How to Calculate the Return on Investment of your Rental Property
So you have a rental property. It’s in a great area with huge potential for growth. There’s little to do by way of maintenance, and you’re more than happy to just sit on it for a few years to see what it does. But you also want to know how much it will make you – what’s the return of investment on your investment property? How do you calculate it? And will you be able to retire when you want, with the lifestyle you want?
While we can’t help you with retirement age and lifestyle, we can give you some pointers on your return on investment. You’ll have heard the term “yield”. That’s basically how much money an asset makes, expressed as a percentage of the asset’s worth. When referring to a rental property, yield is the rental income as a percentage of the value of the property. You can calculate it before expenses (gross yield) or after (net yield).

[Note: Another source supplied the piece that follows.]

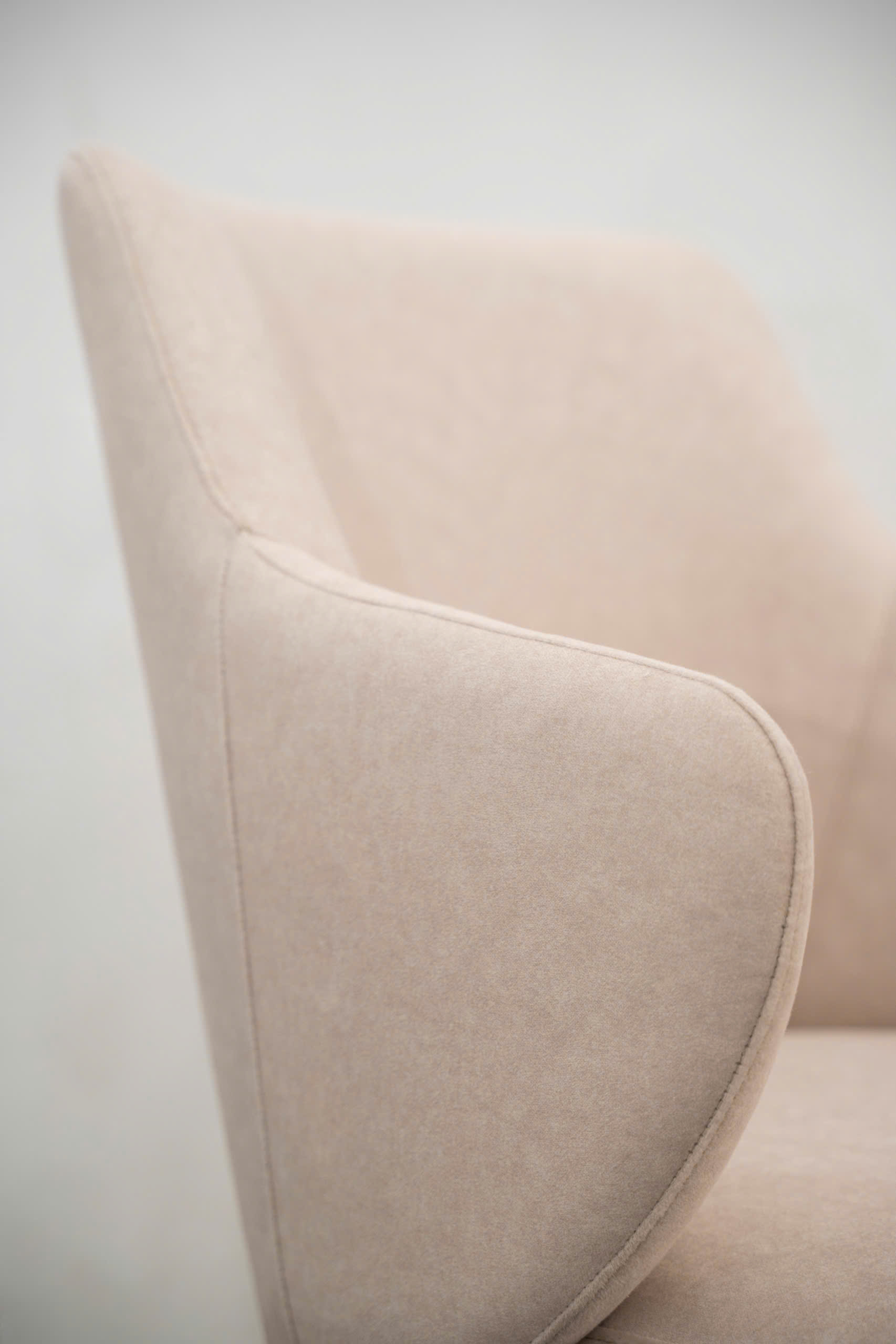 Phần tựa lưng và tay vịn được thiết kế liền mạch, vát cong tinh tế. Hiệu ứng thị giác này gợi liên tưởng đến những cánh hoa đang hé nở, nhẹ nhàng ôm trọn lấy cơ thể người ngồi. Thiết kế này không chỉ đẹp mà còn mang ý nghĩa về sự bảo vệ và thư giãn tuyệt đối.

A gross yield allows you to compare properties with other properties. It’s worked out by using the annual rental income divided by the market value and multiplying it by 100 (to get the percentage).
- Gross Yield= Annual Rental Income / Market Value x 100
You can work out the yield for any time in the past, or at the current time, to give you some indication of how the property is travelling in terms of investment returns.
Don’t forget, of course, the net yield will give you a better indication when you take into account any expenses on the property, and it is a great way of determining if you can afford the rental property you’re looking at. You need to take into account any, and all expenses relating to the property, such as maintenance costs (is it an old house with lots of running repairs?) and insurance (is it in a flood prone area? – you may want to read how to protect your investment property from flood damage). When talking about net yield, the calculation is annual rental income minus annual expenses, divided by total property costs, and then multiplied by 100 to get your percentage.
- Net Yield= Annual Rental Income – Annual Expenses / Total Property Costs x 100
It sounds complicated but, rest assured, it’s not. And again, it’s the most reliable indicator of affordability. There’s little point purchasing an investment property only to discover you can’t maintain the lifestyle you currently have.